Note: the count is a bit high, since there are extra words at the front and it also counts things like "Chapter IV" as two words. It's not a bad estimate though.

### Working with Multiple Files

Let's take a look at more books. (Why analyze one dataset when you can analyze many?!?) Before we do, let's move the bulk of the code to a function, since we'll use the same analysis on each book.

In [None]:
from pathlib import Path

def count_words(filename):
    """
    Count the approximate number of words in a file.

    Args:
        path (string): path to file to count words in
    
    Returns:
        Nothing. The number of words in the file is printed.
    """
    try:
        path = Path(filename)
        contents = path.read_text(encoding='utf-8')
    except FileNotFoundError:
        print(f'Sorry, the file {path} does not exist.')
    else:
        # Count the approximate number of words in the file
        words = contents.split()
        num_words = len(words)
        print(f'The file {path} has about {num_words} words.')

filenames = ['alice.txt', 'jackson.txt', 'principia.txt']

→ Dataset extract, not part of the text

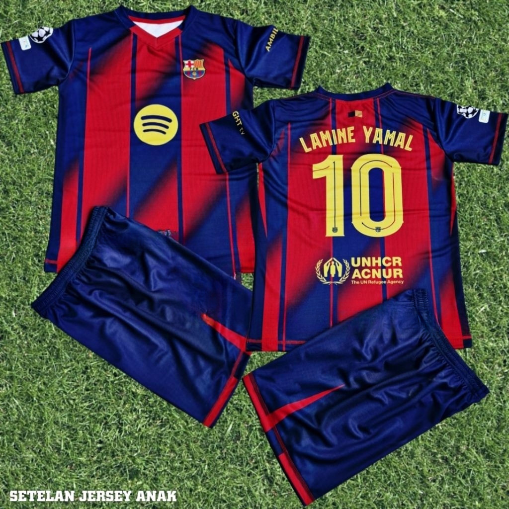 Jersey kids BARCA 2025-26 / setelan bola anak terbaru / jersey sepak bola bahan tebal lembut / pakaian olahraga outdoor

for filename in filenames:
    count_words(filename)

We can now run the same analysis on each book. Even though `jackson.txt` doesn't exist (without figures, why bother?), the program moves on to the next one after printing a useful error.

### Failing Silently

In the previous example we let the user know one of the books wasn't available, but you don't need to report the result of every failed exception. If your program is OK failing silently and continuing on, you can use the `pass` statement.

In [None]:
from pathlib import Path

def count_words(filename):
    """
    Count the approximate number of words in a file.

    Args:
        path (string): path to file to count words in
    
    Returns:
        Nothing. The number of words in the file is printed.
    """
    try:
        path = Path(filename)
        contents = path.read_text(encoding='utf-8')
    except FileNotFoundError:
        pass
    else:
        # Count the approximate number of words in the file
        words = contents.split()
        num_words = len(words)
        print(f'The file {path} has about {num_words} words.')

filenames = ['alice.txt', 'jackson.txt', 'principia.txt']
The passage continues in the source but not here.